Critics say now it's time to take a hard look at the directors themselves. Grasso's departure is but "one small step for shareholders," said Nell Minow, editor of the Corporate Library, a private research group that studies business governance.
"The CEO took the money, now we need to look at the people who paid the money," Minow said. "They should all be replaced. Obviously you can't do that all right this minute, but the next thing that happens has got to be a very serious board assessment."
The NYSE revealed its top executive's pay for the first time on Aug. 27, as it announced Grasso's contract extension through 2007. The disclosure was part of a larger effort to conform with new governance rules being applied to public companies, but the magnitude of the sum sent jaws dropping.
Securities and Exchange Commission chairman William Donaldson, who held the top NYSE post before Grasso, sent a sharply worded letter on Sept. 2, requesting details. The NYSE responded that Grasso was entitled to another $48 million, which he said he would forgo. Still, many were stunned by the new revelation and outrage spiraled.

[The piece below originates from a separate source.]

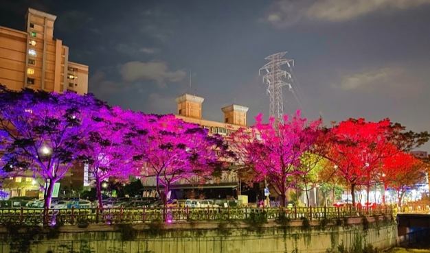還記得幾年前經過鴨母港溝都要掩鼻快走的窘境嗎?現在可完全不一樣了!整治後的 鴨母港溝,簡直是 蘆洲城市蛻變的最佳代言人。透過水質改善、景觀營造,昔日的臭水溝華麗轉身成為一條美麗的親水景觀河廊。我最驚豔的是它的夜間光雕藝術!當夜幕低垂,七彩燈光投射在造型獨特的水岸牆面與水幕上,伴隨著水霧效果,夢幻到讓人忘記身處都市叢林,非常適合晚餐後散步約會。溝岸步道平坦好走,沿途點綴著綠植和休憩座椅,白天夜晚呈現不同風情。假日還能看到不少家長帶著小孩來散步看燈光秀。雖然河道規模無法跟大河流相比,但能在稠密的住宅區中創造出這樣一條兼具生態、休閒與美學的藍帶空間,實在值得一個讚!是體驗蘆洲進步面貌的蘆洲景點。唯一小缺點是部分段落旁邊還是大馬路,聲音有點幹擾。

Under his current contract, Grasso is entitled to at least $9.6 million in severance pay - equal to his salary and target bonus for the next four years - as well as lifetime health and life insurance for himself and his wife. He's already declined other provisions, including supplemental retirement benefits, a $5 million bonus and funds vested in a capital accumulation plan, which were included in the $48 million.
Aside from the fantastic sums, there was little unusual in the contract's provisions in the event of "involuntary termination without cause," which is what appears to have happened in this case, said Peter N. Hillman, who specializes in employment matters as a partner at the law firm of Chadbourne & Parke.
"It looks like something we might have done for one of our clients, though certainly not with so many zeros," Hillman said after surveying the contract. "This guy, he doesn't have to worry about a thing."